How the danger of the greener pastures lures the curios, creative of mind and the ever-youthful old soul to the sketchy edges of a long, narrow and steep drop just to get a view of the sharp rocks and ever restless ocean far below.
And turning my mind to how a tiny kitten can behave erratically bravely in the sheer face of a scowling big albino tiger cat (case of a house-trained domestic and no-nonsense cuddle bear).
Sipping cool wine, bare feet resting on the limp garden table, ensconced in sun dapples and droplets from the sprayer, I hankered yet again after something nameless. Freedom? Maybe. Could have gone doing some worthwhile volunteering stuff at the raging fires. Perhaps, as long as it would not include me burning to an unplanned premature death. Mind, nobody plans when they die. Not that I'm aware off...
Anything to overcome the feeling of missing life; apart from getting well and truly tipsy.
Well, dear gangly kitten Luigi brought a smile on when Mr. decided to accomplish the great task of taunting tiger Harry…AGAIN. Luigi did okay for a cocky kitten and scrambled-climbed from Mission Impossible to Mission Completed. On all four on top of the tiger and acting a bit like a baboon...Some growling started, followed by ferocious kicking and eventually tufts of hair ruffled and flew in several directions…

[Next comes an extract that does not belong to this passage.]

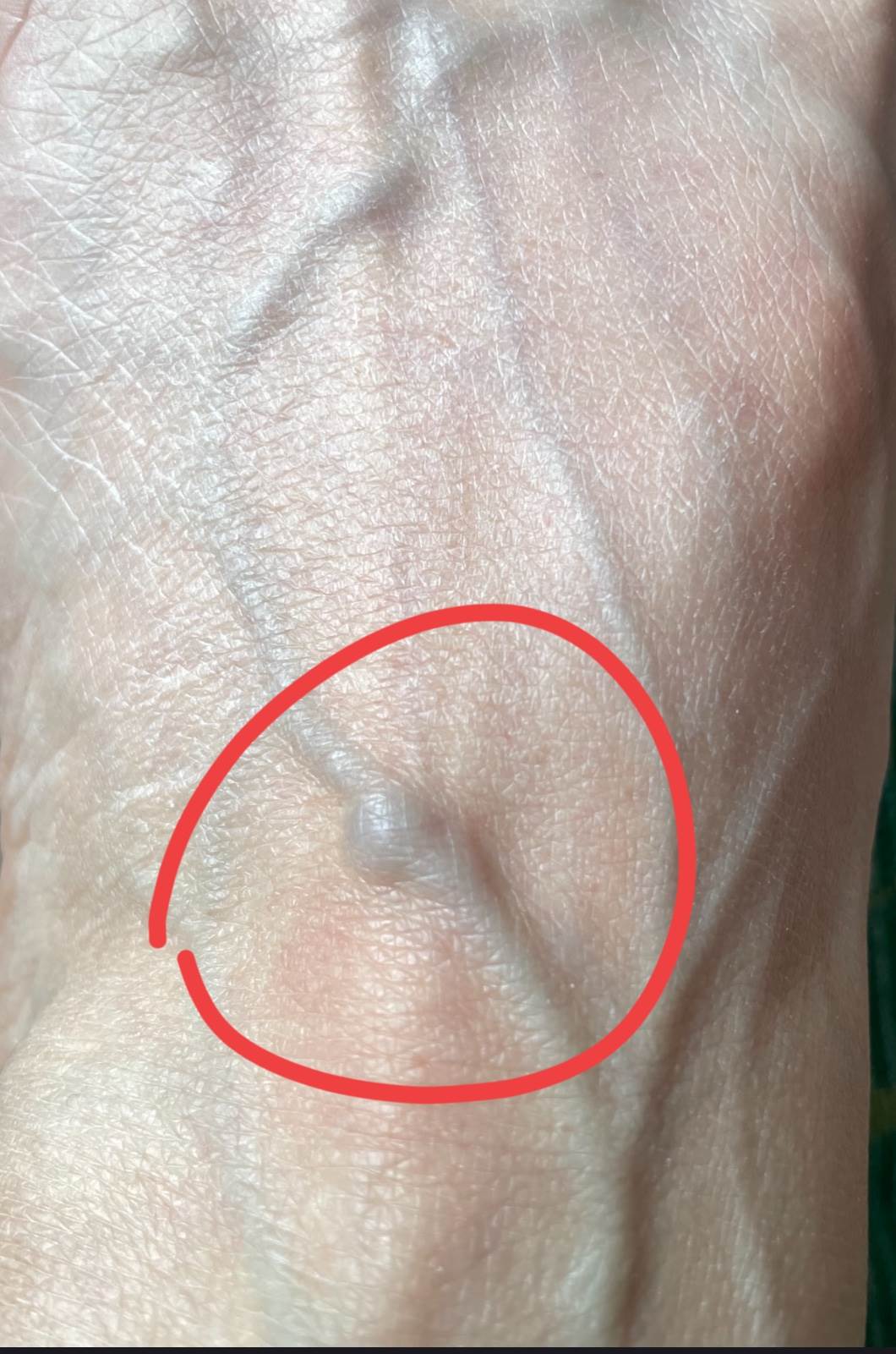 從特寫照片可見,這個膚色略淺的柔軟疙瘩明顯突起于皮膚表面,正好位于一條清晰可見的藍色靜脈之上。當事人描述:「以前沒注意,昨天洗完腳一看腳面,突然起了一個疙瘩,比其他血管粗很多,看著很嚇人。」

Harry the Gladiator eventually became bored from the never-ending onslaught from Luigi the Terminator. He smartly decided to thwart the little loafer with a dead-scary look that read
"PISS OFF OR DIE"
Daft kitten hardly bats an eye.
So Luigi prowls away with a Oscar for Best Acting Italian Stalker, and Harry purrs with acclaim for Best Heavy Weight Director.